How to complete this task:
Return, unchanged and with no pictures, the lines below from the very first through the one that contains "Привезли гостинці для".

Data shown:
====================

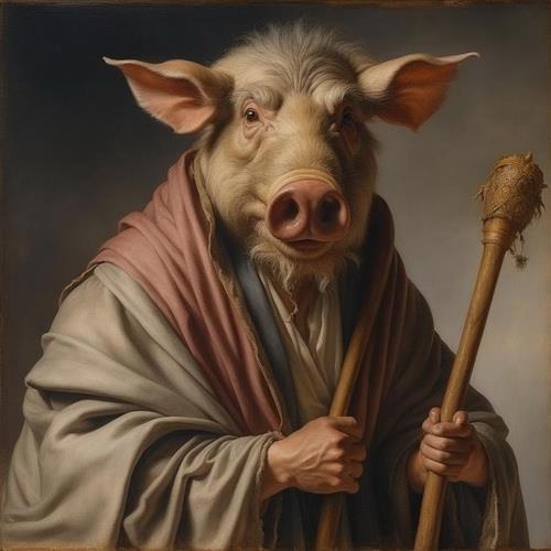 Это я попытался сгенерировать Жира из великолепной серии книг Вадима Нестерова "Куда идём мы...". Если не считать некоторых деталей, Пятачок получился, по-моему, очень впечатляющий. Правда, тут он уже остепенившийся по сравнению со своим книжным аналогом.
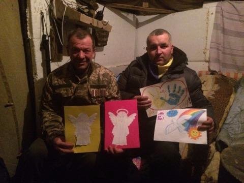 Привезли гостинці для дітей активіст Радим Романюк та депутат Луцькради Микола Собуцький, які нещодавно повернулися зі Сходу. Романюк розповів, що під час останньої поїздки на передову він помітив у наметі бійців малюнки.
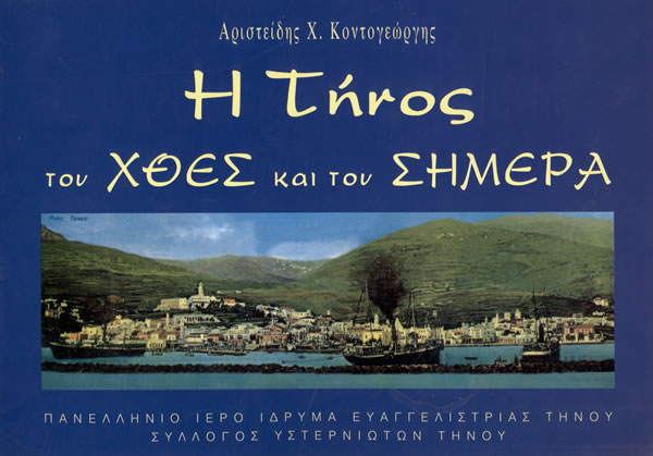 Από τις πολυάριθμες εκδόσεις φωτογραφικών λευκωμάτων του αγαπητού φίλου και συμπολίτη μας Αριστείδη Κοντογεώργη, ξεχωρίζουμε το βιβλίο του με τον τίτλο «Η Τήνος του Χθες και του Σήμερα» όπου μας ταξιδεύει στο πανέμορφο νησί της Τήνου μέσα από εξαιρετικές φωτογραφίες του σήμερα και του παρελθόντος. Ο Αριστείδης Κοντογεώργης είναι καθηγητής στο Τμήμα Φωτογραφίας και Οπτικοαουστικών Τεχνών της Σχολής Γραφικών Τεχνών και Καλλιτεχνικών Σπουδών . Έχει πραγματοποιήσει δεκάδες ατομικές εκθέσεις φωτογραφίας στην Ελλάδα και το εξωτερικό και έχει συμμετοχές σε ομαδικές εκθέσεις στο εξωτερικό στο πλαίσιο διεθνών ανταλλαγών και φεστιβάλ. Έργα του βρίσκονται σε συλλογές μουσείων στην Ελλάδα και στο εξωτερικό.
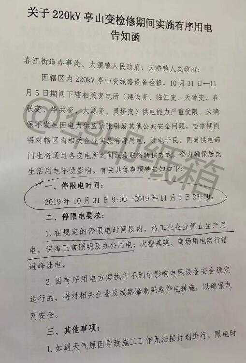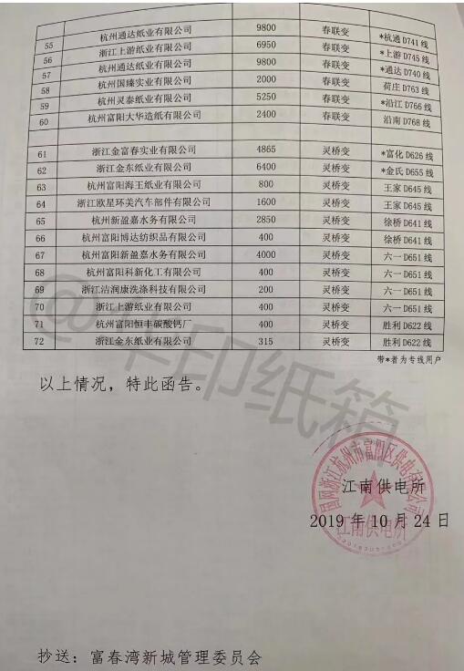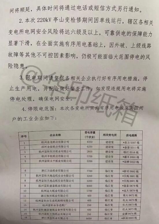 導(dǎo)語(yǔ):因供電設(shè)備進(jìn)行大檢修,浙江富陽(yáng)35家造紙廠再次被迫停限產(chǎn),時(shí)間將近1周。此外,據(jù)卓創(chuàng)造紙調(diào)研,今年浙江省繼續(xù)推進(jìn)造紙改造升級(jí),年初已關(guān)停白板紙產(chǎn)能達(dá)100多萬(wàn)噸,2020年春節(jié)前將繼續(xù)關(guān)停100多萬(wàn)噸,預(yù)計(jì)2019年中國(guó)白板紙產(chǎn)量將近900萬(wàn)噸。2020年浙江省將繼續(xù)關(guān)停150萬(wàn)噸白板紙產(chǎn)能,預(yù)計(jì)2020年白板紙產(chǎn)量800萬(wàn)噸左右。這意味著,2020年浙江還有250萬(wàn)噸白板紙產(chǎn)能將被清退!一場(chǎng)行業(yè)洗牌已經(jīng)來(lái)臨! 供電設(shè)備檢修,富陽(yáng)35家造紙廠被迫停限產(chǎn)近一周 近日,浙江省富陽(yáng)區(qū)春江街道、大源鎮(zhèn)、靈橋鎮(zhèn)的造紙企業(yè)又被無(wú)奈停限產(chǎn)了!根據(jù)官方文件通知,原因是:因轄區(qū)內(nèi)220KV亭山變線路設(shè)備檢修,10月31日-11月5日期間下轄相關(guān)變電所供電能力嚴(yán)重受限,為確保不發(fā)生因電力供應(yīng)緊張引發(fā)其他公共安全問(wèn)題,檢修期間將對(duì)轄區(qū)內(nèi)相關(guān)企業(yè)實(shí)施有序用電,讓電于民。 一、停限電時(shí)間:2019年10月31日9:00-11月5日23:50 二、停限電要求: 1、在規(guī)定的停限電時(shí)間內(nèi),各工業(yè)企業(yè)停止生產(chǎn)用電,保障正常照明及辦公用電。 2、因有序用電方案執(zhí)行不到位影響電網(wǎng)設(shè)備安全穩(wěn)定運(yùn)行的,將對(duì)相關(guān)企業(yè)及線路緊急采取停電措施。

====================

Answer space:
 Это я попытался сгенерировать Жира из великолепной серии книг Вадима Нестерова "Куда идём мы...". Если не считать некоторых деталей, Пятачок получился, по-моему, очень впечатляющий. Правда, тут он уже остепенившийся по сравнению со своим книжным аналогом.
 Привезли гостинці для дітей активіст Радим Романюк та депутат Луцькради Микола Собуцький, які нещодавно повернулися зі Сходу. Романюк розповів, що під час останньої поїздки на передову він помітив у наметі бійців малюнки.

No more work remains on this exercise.